Une maquette exceptionnelle
En 1884, une maquette du Mont-Saint-Michel est présentée à l’exposition de l’Union des arts décoratifs. Elle ne figure pas tout le Mont, mais seulement la partie la plus remarquable de son architecture, ce qu’on appelle « La Merveille » (premier tiers du XIIIe siècle) et le châtelet (fin XIVe /début XVe siècle), qui s’élèvent sur la face orientale de l’île. Cette maquette a été réalisée par le fils de Théodore Fouché, l’entrepreneur en travaux avec lequel Edouard Corroyer collabore. Il s’agit d’une pièce exceptionnelle par son matériau, de la pierre (du calcaire de l’Oise et non du plâtre), par ses dimensions, 2 m 68 de haut pour près de 1500 kg (sans le socle !) et par son parti-pris, celui de présenter à la fois les façades et une coupe des trois pièces que forment l’aumônerie, la salle des hôtes et le réfectoire des moines.

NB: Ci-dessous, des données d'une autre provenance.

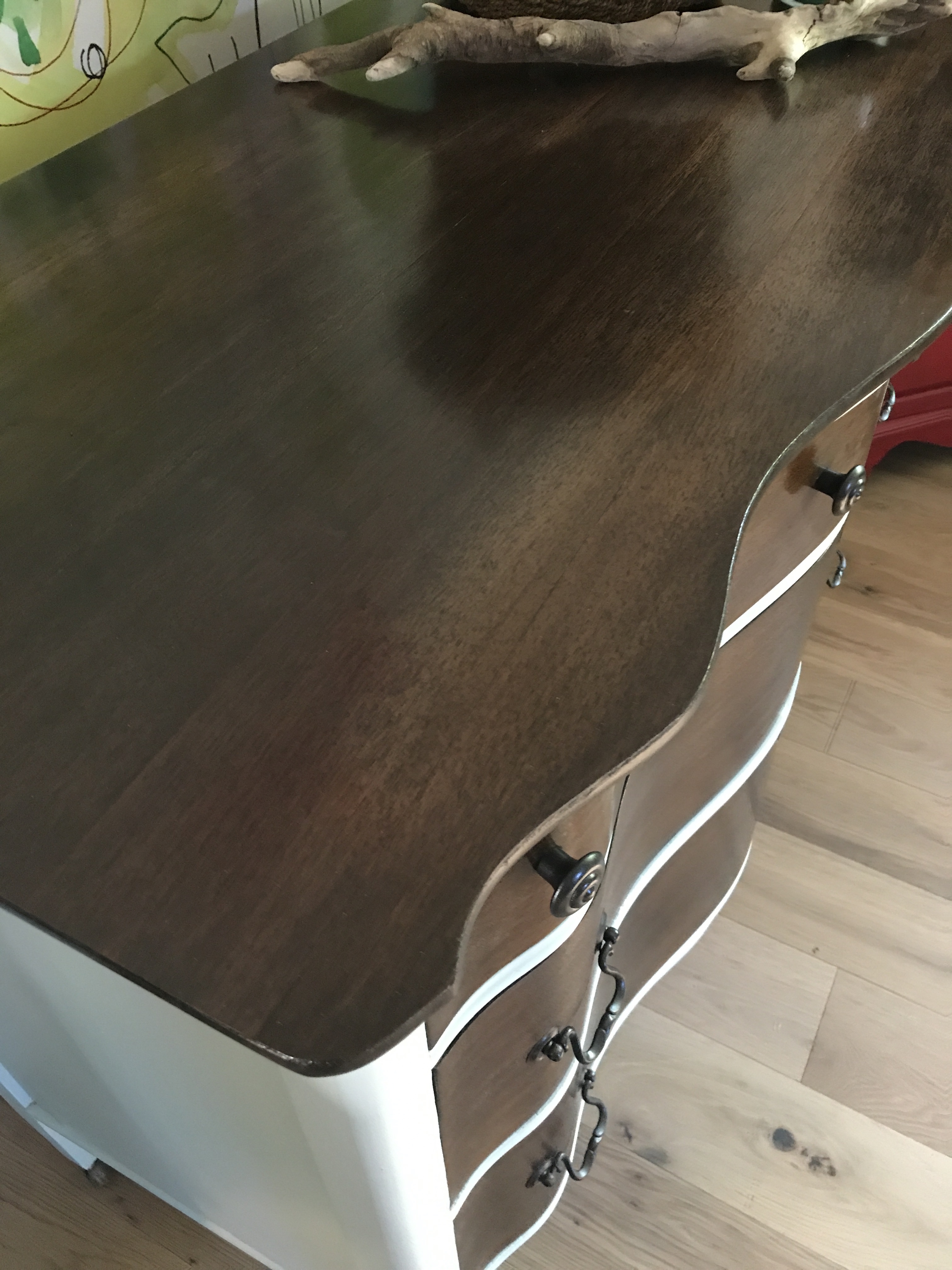 We both were working on a project piece that we’ve had for a while. It has a curved frontage that has been stained dark, whilst Kelli painted primer on to the carcass. I have re-veneered the top, so that is into the multi coats of polyurethane to get a deep finish I want.

À plusieurs titres, cette maquette forme un manifeste. Tout d’abord, elle démontre le savoir-faire de l’entrepreneur Fouché en matière de taille de pierre : la réalisation au 1/20e est d’une grande finesse et aucun détail, aussi infime soit-il n’est négligé. Par ailleurs, elle expose les choix de Corroyer pour la restauration du monument, alors même que le chantier rencontre d’importantes difficultés. En effet, en 1878, alors qu’il commence les travaux, Corroyer s’attaque d’abord aux urgences : étayer et renforcer la structure basse pour éviter que les parties hautes ne s’effondrent. Il concentre donc ses efforts sur les remparts et les murs de soutènement. Au début des années 1880, il est prêt à s’attaquer au chef-d’œuvre, la Merveille, mais les financements commencent à manquer. Or, Corroyer est ambitieux : il veut, outre les travaux d’entretien nécessaires, restituer la charpente d’origine du bâtiment, recréer des combles, reconstruire le grand escalier nord et redonner à l’entrée de l’abbaye (châtelet) son aspect primitif, tout en sauvegardant certains éléments, représentatifs de l’art militaire du début du XVe siècle. La maquette ne représente donc pas l’état du Mont en 1880, mais matérialise les restaurations projetées par Corroyer.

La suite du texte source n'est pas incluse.